Since the beginning of her journey with breast cancer, Terrell has been involved with the Horses and Hope program, which was created by former Kentucky First Lady Jane Beshear and the Kentucky Cancer Program, University of Louisville, with the support of the Pink Stable, a committee of Kentucky horse owners, riders, trainers, jockeys and others to increase breast cancer screening, education and treatment referral among Kentucky’s signature horse industry workers and other special populations.

According to Horses and Hope’s website, the program has since expanded to offer cancer prevention and early detection services for many different cancers through the organization’s Cancer Screening Van — which launched in 2016 and has screened more than 17,000 women for breast cancer that’s operated by the UofL Health — Brown Cancer Center — and has hosted special events to honor breast cancer survivors throughout the commonwealth.

Horses and Hope is also one of the charitable sponsors for the Survivors Parade.

“(I was involved) especially early (in) the first few years because I didn’t know anything about breast cancer, didn’t know anybody that had been through it,” Terrell said. “I did reach out a lot to organizations and did survivor things.”

Not only has Terrell benefited from the program but she has also been able to work with the initiative in her profession as a nurse — a career she began after being diagnosed the first time after spending “several years” taking care of her growing children at home.

“... When I was going back for my first surgery for breast cancer, there was kind of an older nurse that was helping me, and my husband said something like, ‘Well I guess you’ve been doing this forever’ and she said, ‘No, I just started when my kids went into school …,’ ” Terrell said. “She left the room and my husband said, ‘Well you ought to do that.’ ”
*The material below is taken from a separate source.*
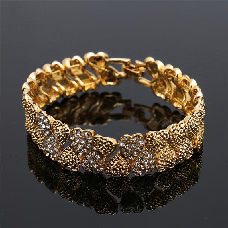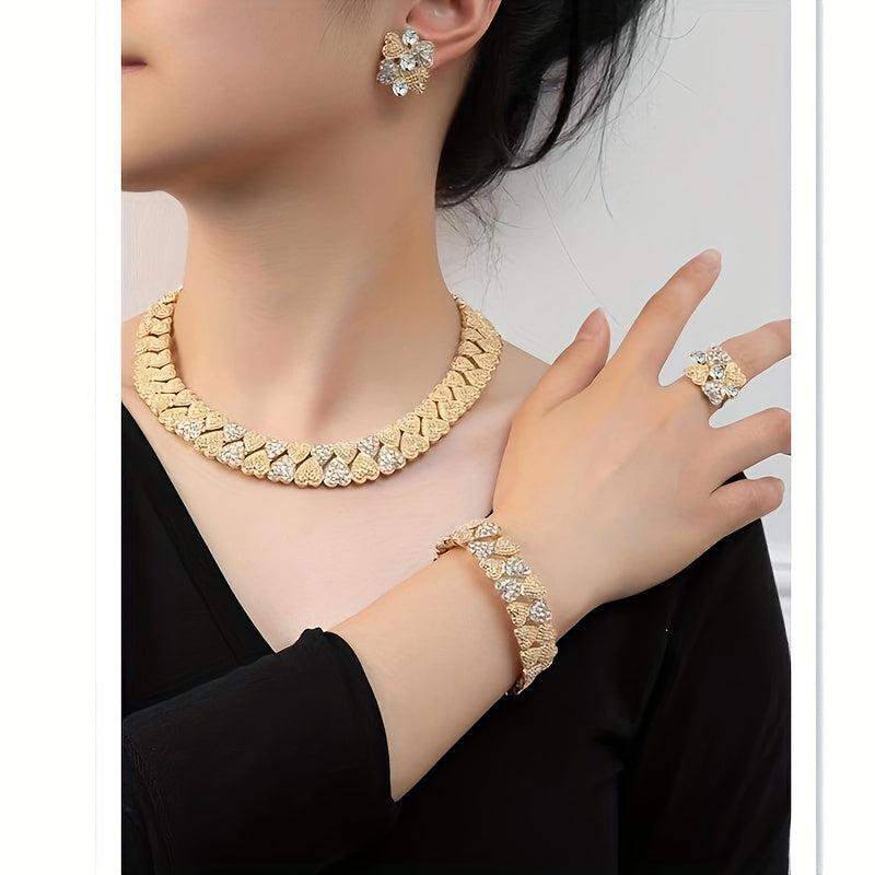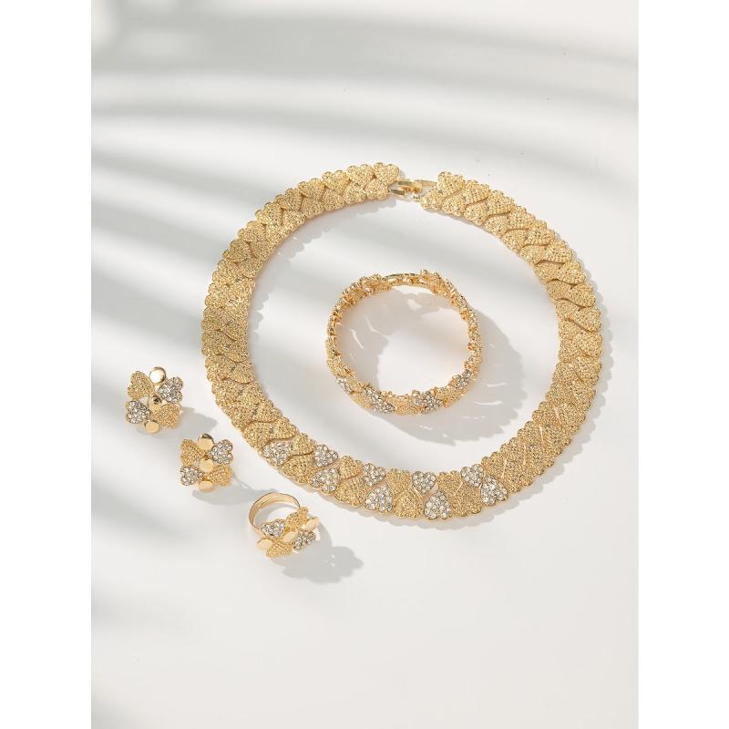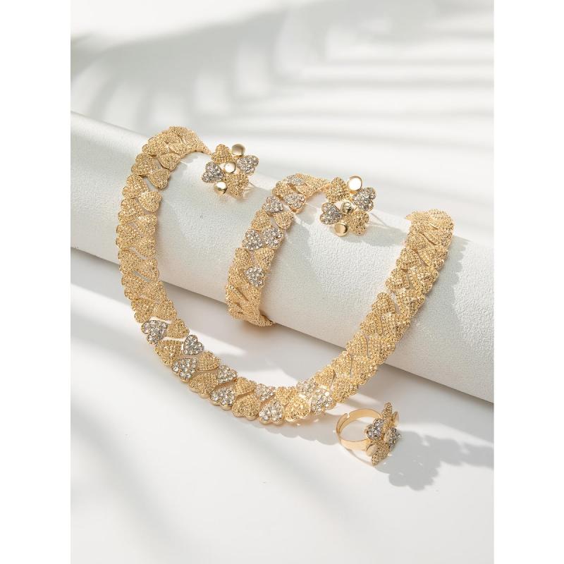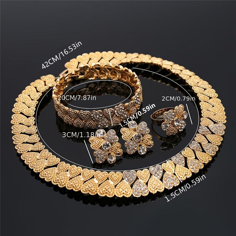 Complete your wedding look with this stunning set of Middle Eastern women's jewelry. Includes a necklace, earrings, ring, and bracelet to add elegance and beauty to any outfit.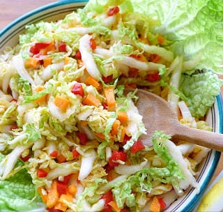 | Tangy slaw can serve as a sauce or relish with the grilled salmon. This is made with shredded Chinese cabbage, red bell pepper and diced carrots. No mayonnaise - the dressing includes olive oil, Sherry vinegar, a dribble of honey and a pinch of toasted cumin seeds. |

That week, Terrell said she signed up for courses at Owensboro Community & Technical College before progressing to a bachelor’s degree program at Western Kentucky University and eventually earned her master of science in nursing, with specialization in a family nurse practitioner degree, from South University.

“When I was going through chemo and radiation, I was also going through nursing school,” she said. “... I was like, ‘Well, I’m putting everything into trying to survive. So I’m going to survive, it’s never too late — so I might as well do it.’ ”

Her tenure in healthcare has been with Owensboro Health, spending four years in the emergency department at Owensboro Health Regional Hospital, followed by an eight-year stint at the Mitchell Memorial Cancer Center and currently works at the Ford Medical Building as a nurse practitioner specializing in urgent care.

She also hosted a weekly support group for years at Mitchell Memorial using “a lot of the models (and) outreach” from Horses and Hope, which she found to be just as much of a benefit to her.

“... When you sit down with someone who has cancer, … you kind of get the feeling that people talk at you and are given advice and they’re saying, ‘You’re going to be fine;’ and your first thought is, ‘How would you know? … You haven’t been through this,’ ” she said. “When I would speak with people and they knew I’ve been there, there’s a complete (shift in) attitude of, ‘Oh, you get it. You know.’

“There is this commonality among survivors …. Yes we’re all different, but there’s just core, emotional feelings that, until you’ve been there, you don’t really get it,” Terrell said. “The support group just made it easier to relate to people and for people to relate to me ….”

Regarding those who may be apprehensive about making an appointment for a screening, Terrell said one “should have a healthy fear to get you in that door.”

“... Knowledge is much more powerful than hiding,” she said.